Table 2 shows the recognition rate of evaluation experiments for Test Set A. Since the human races and facial expressions of Test Set A’s people were similar to those of the training samples, meanwhile, the region attribute model was effective for Test Set A in which there are videos from real life. Consequently, its accuracy was quite better than the Test Set B’s. The maximum recognition precision of the proposed method was 86.3%, and the worst result was 69.3%.

On the other hand, Table 3 shows the recognition accuracies for Test Set B. Due to the variation and complexity of facial expressions across different cultures and races, the region attribute model was not effective for facial recognition. The results for this test set were not better than Test Set A’s. But on the whole, the results of both test sets show that the proposed method was the more accurate version of these methods. Note that the proposed method used training samples without any image-mirror process here. Namely, based on the mini-size training set, the proposed method can also obtain a better result; thus, this model allows for generating ideal strong classifiers without the need for large volumes of training samples. Hence, under these experimental conditions, the validity of the proposed methods was proved.

#### 5.3.2 Object recognition

**Training experiments**As our methods effectively reduce a great number of samples, it took very little time to complete the training process: 2.3 min (face), 10.1 min (car), and 10.6 min (sheep), respectively.
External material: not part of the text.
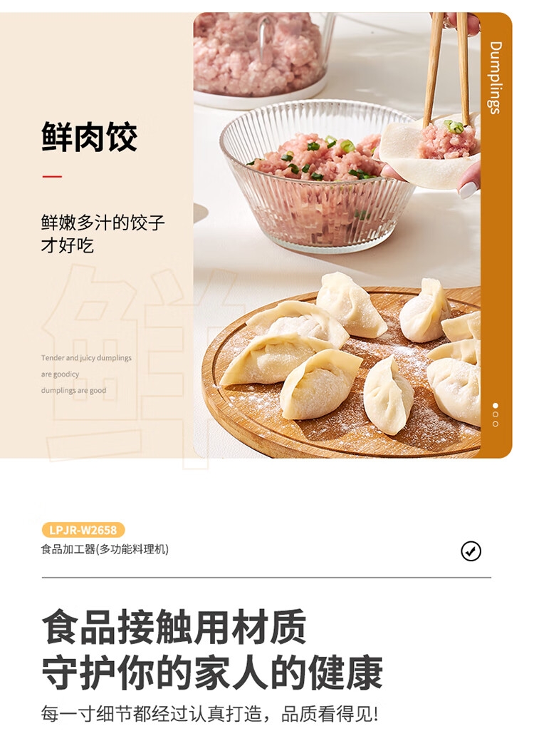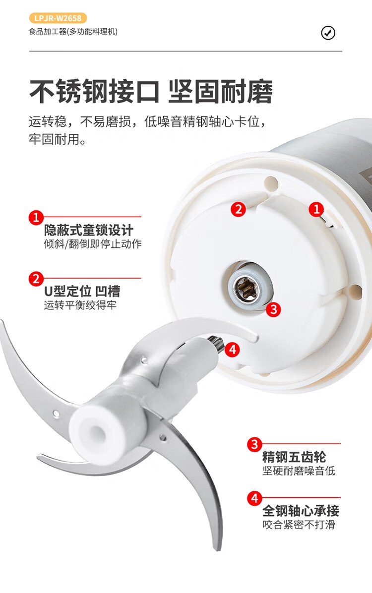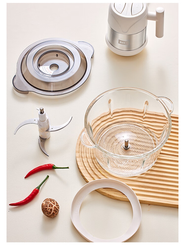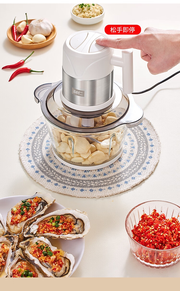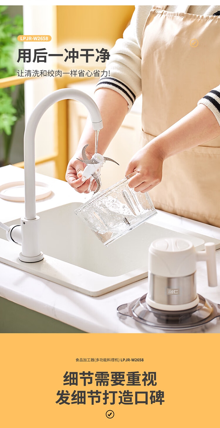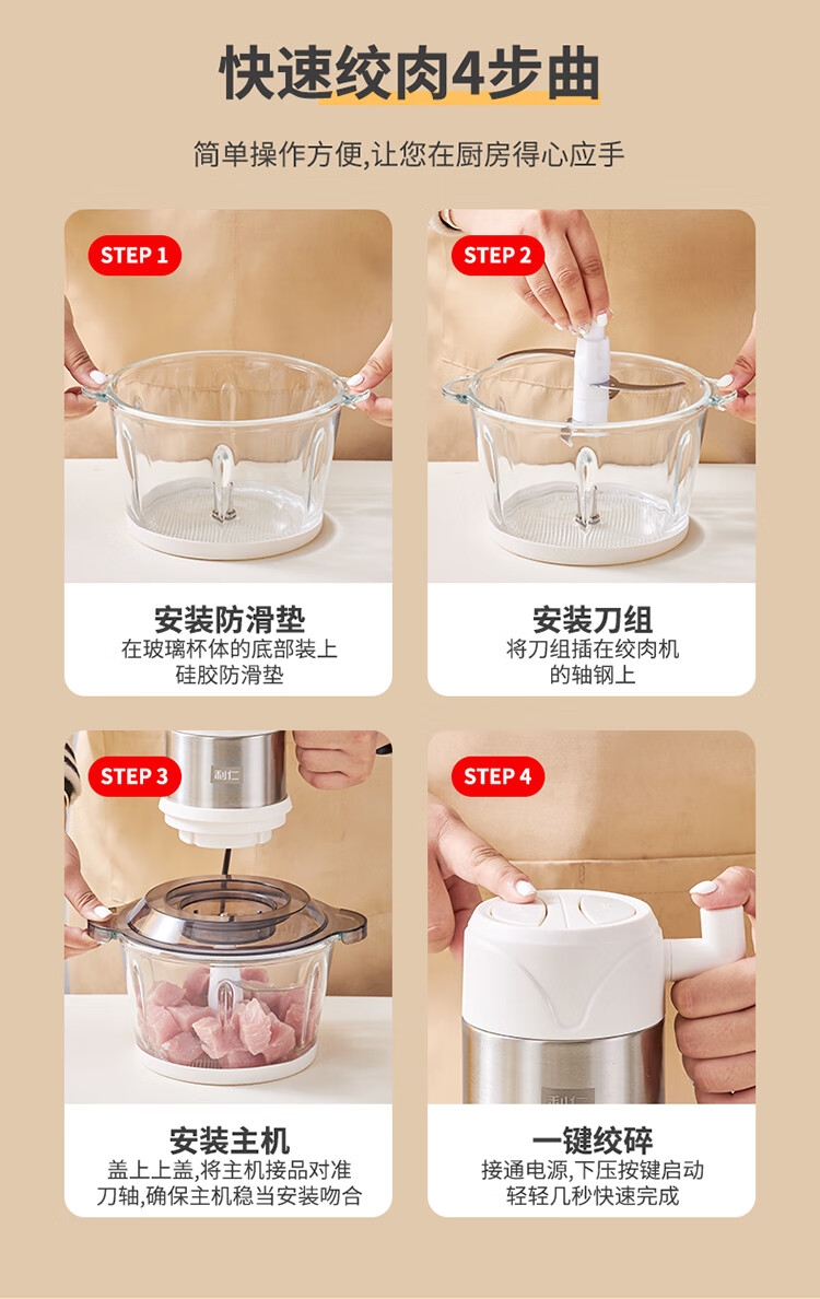 2L大容量 满足全家用量;双层立体4刀片 锋利速绞不塞肉;快慢两档 适合不同食材;加厚杯体 坚固耐用;一机多能 绞肉/蔬菜/辅食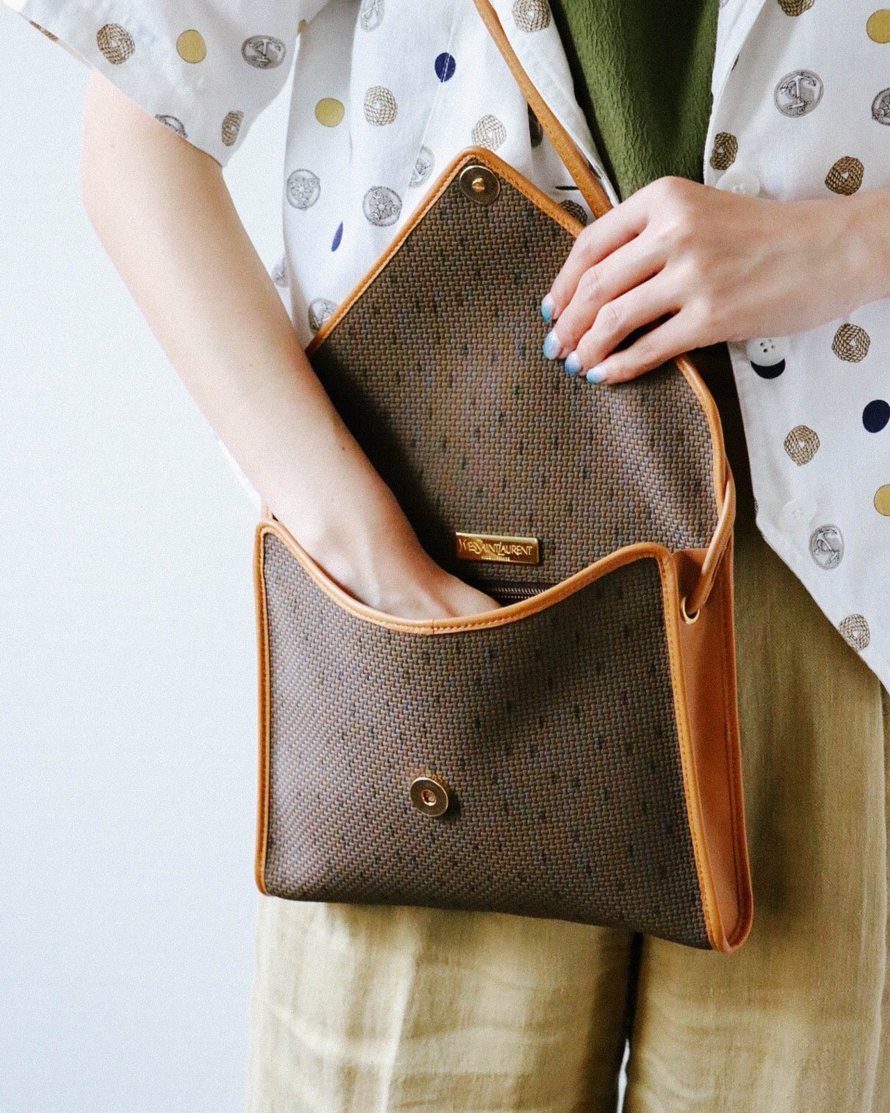 耐久性に優れたPVC素材とレザーを組み合わせたイブサンローランのメッシュショルダーバッグ。

The related data are shown in Table 4.

**Testing experiments**Figure 8 shows the experimental results. In Figure 8a, the component selections of the proposed method were evaluated. The middle one denoted the results of the proposed method without PSM, namely, the OVR-SVM + SURF model. The bottom one indicated the recognition result based on OVR-SVM. The OVR-SVM + PSM + SURF model was also the most accurate version of our object classifier. This also proves the outstanding versatility of the proposed method because it can analyze both human behaviors and object categories.

Figure 8b shows recognition results evaluated by the latest detectors. Li et al. [4] claimed they took about 47 min on their PC (Core i7 3.2 GHz CPU and 12 GB RAM) to obtain their ideal facial detectors, which could obtain a precision of 94% (the total of their training samples was 63,000). However, with our approach, using just 213 samples, we were able to achieve similar results. In the other experiment, we gained a little better result, using the same database as Li et al. did for car recognition. On the other hand, for sheep recognition, [34] adopted SIFT features based on SVM to obtain the best accuracy of 81.7% (versus our 86.7%). They did not provide their training time, but there is a reason to believe that the proposed method is better because the amount of their samples is hundreds of times more than ours. We applied similar classifiers; moreover, it was demonstrated that SURF extraction is much faster and more efficient than SIFT in [5].

## 6 Conclusions

This paper brings together effective normalization measures, visual features, and image attributes to construct a robust classification framework that minimizes the amount of training data needed while also improving the training efficiency. It can solve the question how to make classifiers be capable of processing images rapidly and accurately even without having to rely on a large-scale dataset. Hence, it is important to those with closely related research interests.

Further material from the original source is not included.